Provided material:
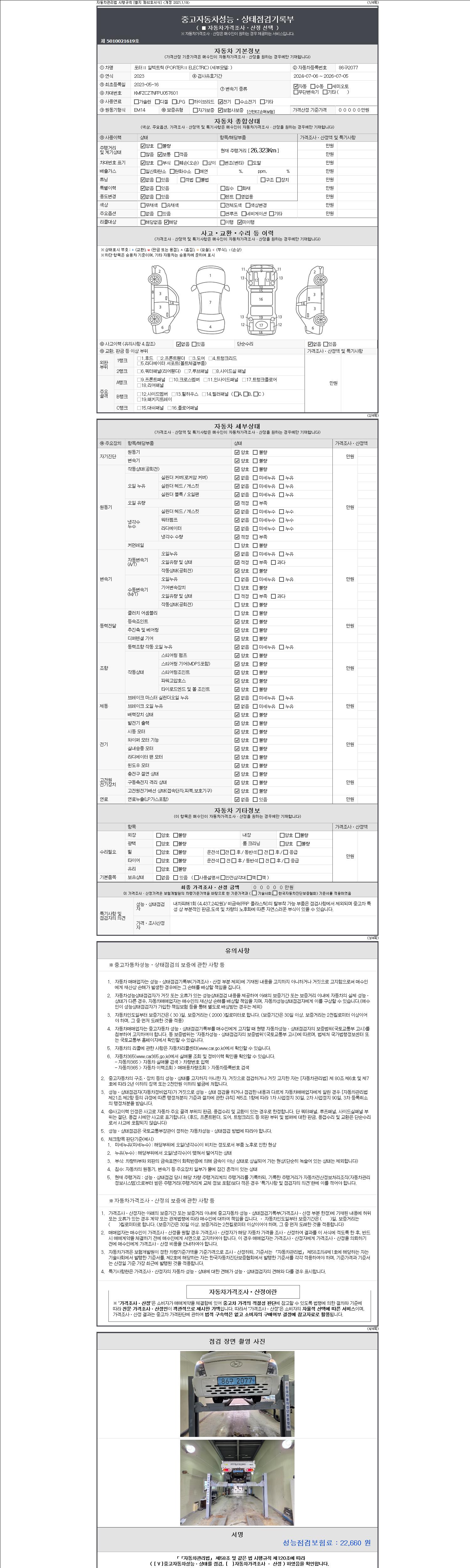 | 주행거리 | 26,323 km | 차량번호 | 86구2077 | 사고유무 | 성능기록부 참조 | 제시번호 | 제 2147483647 호 |
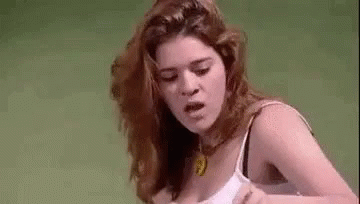 Ana Clara Bbb yawns widely, looking sleepy in a white tank top against a plain green background.
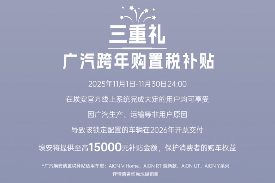 2025年11月1日至11月30日24:00期间,在广汽埃安官方线上系统完成大定的用户,如因生产、运输等非用户原因,导致锁定配置的车辆需延至2026年开票交付,埃安将提供至高15000元的补贴,切实保障消费者的购车权益,助您安心锁定心仪座驾!

Problem requirements: Restate the data exactly, though only from the line that contains "Ana Clara Bbb" through its last line, both ends included and with the pictures left out.

Response below:
 Ana Clara Bbb yawns widely, looking sleepy in a white tank top against a plain green background.
 2025年11月1日至11月30日24:00期间,在广汽埃安官方线上系统完成大定的用户,如因生产、运输等非用户原因,导致锁定配置的车辆需延至2026年开票交付,埃安将提供至高15000元的补贴,切实保障消费者的购车权益,助您安心锁定心仪座驾!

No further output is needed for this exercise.